Top 5 security threats in healthcare
The increase of mobile devices, embedded devices, virtualization software, social media and the consumerization of IT are the top five security threats for healthcare organizations today, says one expert.
Frank Andrus, chief technology officer at Bradford Networks, a security solutions provider based in Concord, N.H., shared with Healthcare IT News what he believes healthcare organizations should consider their top risks – and his recommendations for minimizing them.
1. So Many Mobile Devices, So Much Risk
Mobile devices are ubiquitous in today's society, and the number and types of devices used by physicians, nurses, clinicians, specialists, administrators and staff – as well as patients and visitors – is growing at healthcare organizations across the country.
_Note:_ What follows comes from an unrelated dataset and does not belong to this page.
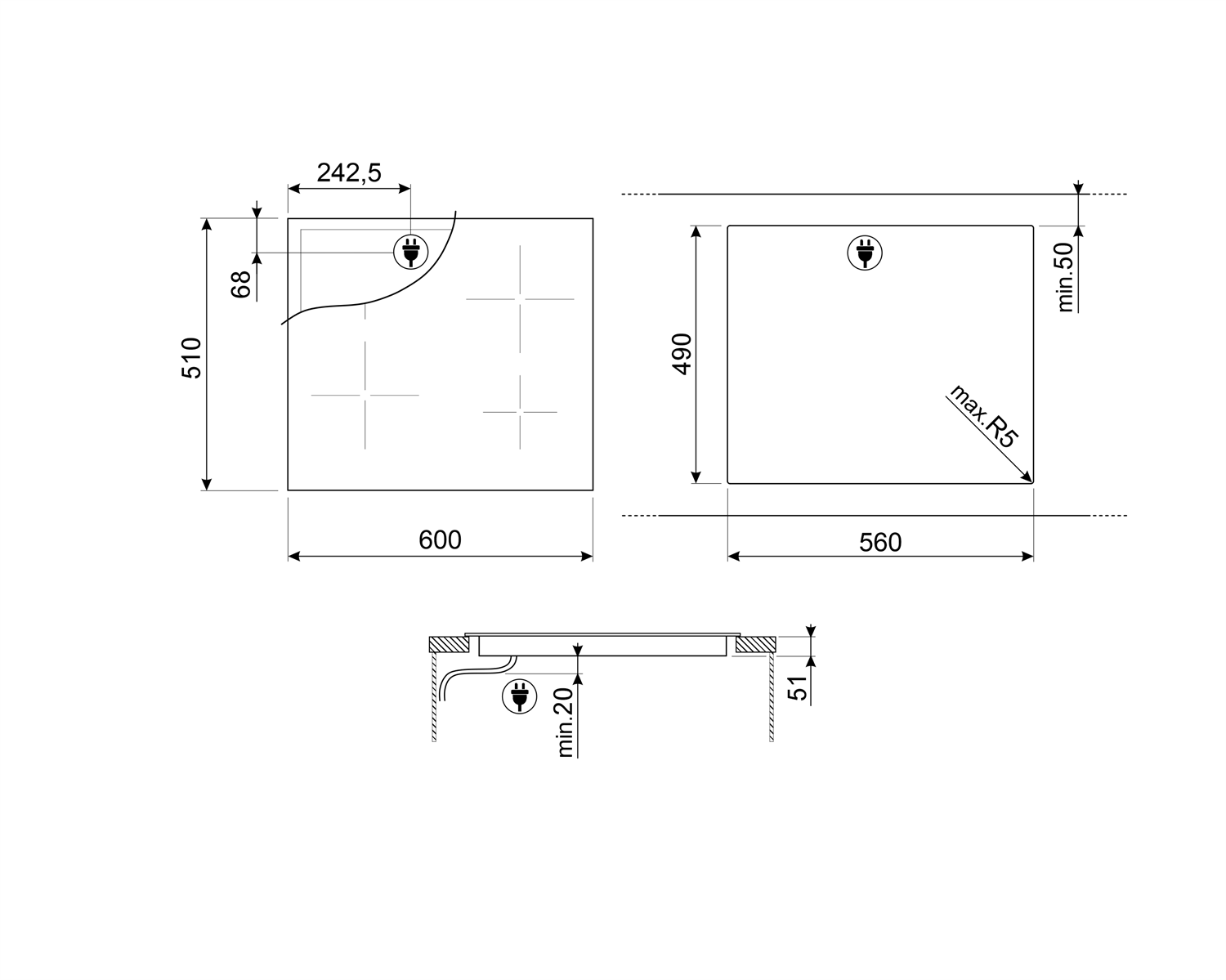Worktop Cut-Out: 490x560 mm

Providing anywhere/anytime network access is essential, particularly when instant communication is required to ensure quality patient care. But these devices are launched daily with upgraded versions of operating systems that are ripe for infection.
[See also: Kroll names top 10 data security issues for 2011]
Recommendation: Use network access control (NAC) solutions, which offer the ability to identify each type of user and connected device, scan the device for threats – including out-of-date anti-virus or anti-spyware protection – then provide access based on the device and the user's role within the network. The NAC solutions can also provide a view of network security status across all brands of equipment and devices so nothing falls through the cracks. Such a view is crucial in health care organizations, whose networks are often comprised of infrastructure from multiple vendors.
2. Embedded Devices Become the Norm
As tablets and mobile devices with wide-area network and Wi-Fi capabilities – including medication scanners, patient-monitoring systems and imaging devices – become more common, embedded connectivity makes tracking, monitoring and managing enterprise productivity easier while helping reduce errors. However, embedded connectivity also puts a strain on bandwidth and exposes the network to viruses brought in by a host of new connected devices that are different from traditional PCs.
Recommendation: Incorporate a security solution that will protect the integrity of critical (and often private) data and close any vulnerability gaps in the network.